Words and Photos by David Peacock

The helmet is arguably the most important piece of downhill mountain bike equipment. Without it, our inevitable on-trail gaffs become drastically more lethal. Dramatic introduction aside, it’s imperative that one purchases the right lid. Personally, I’ve had a pair of serious concussions, one from mountain biking and the other from hockey, so my helmet is something I take seriously. If the fit isn’t right, the protection not sufficient, or the price too high it might not be the lid for you. But, make no mistake, price shouldn’t be the determining factor when selecting a helmet; you don’t want the paramedics to be wrestling a shoelace secured WalMart lid from your concussed corpse. I’ve always been a fan of the Giro Remedy from a simplicity and affordability standpoint, but there’s other factors to be considered, such as looking more badass and increasing your level of safety on the bike.

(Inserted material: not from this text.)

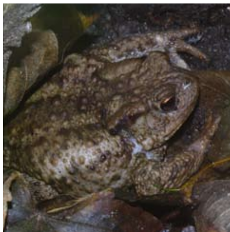
Gewone pad - Fons Van den heuvel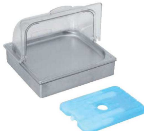
②EBM エレガント アイスディスプレイセット2/3

外寸:535×332×H250 材質:本体/18-8ステンレス トレイ/D7ステンレス(18Cr-3Ni-2.5Cu) ロールカバー/下皿/ポリカーボネイト ●電気を使わないアイスディスプレイセットです。デザートや海鮮盛り込みに最適です。 ●付属のアイスボックス(2個付)を完全に凍らせてトレイの下に入れてご使用ください。冷たさを長時間保てます。

When I first donned the Specialized Dissident, a few things surprised me. Firstly, it’s weight, as the helmet is incredibly light. It’s ever so slightly lighter than the carbon D3 and the difference between a $150 Remedy and the Dissident is massive. It features the HelmetEJECT system which is designed to aid in helmet removal in the event of a spinal…it’s also Leatt Brace compatible, I don’t wear one, so I can’t speak to the practicality of this, but apparently if you’re so inclined you won’t feel restricted by the shape of the helmet against your brace. Helmet technology has come a long way in the last few years, but the fact remains that the innate fit of the helmet is the primary thing that riders will criticize or appreciate. My head is of average proportions; I don’t have a five-head or a mega-jaw, and my size “L” lid was immediately comfortable, though admittedly tighter than I was used to with my Remedy. At first I wasn’t sure if I had chosen the correct size, but I quickly realized that it fit as intended. The fact that it’s snug is good, it keeps your head from banging around inside and also prevents the mouth/jaw portion from ending up over your eyes (so you won’t be another joey rocking the “nose-guard” style lid). Another notable feature is how close the jaw-guard sits to your face, and how secure the padding is in that area. Having had one faceplant, I can safely (no pun intended) say that this prevents your face from slamming into the front of the helmet. Interestingly enough, I also found the Dissident to be kind of “sound proof”, which some might see as a good or bad thing. It dampens noises as a result of padding around your ears and mouth, making you quieter when speaking and often guilty of repeating “what?” when talking on the trail. That could be perhaps the most benign qualm with a helmet, but worth mentioning nonetheless.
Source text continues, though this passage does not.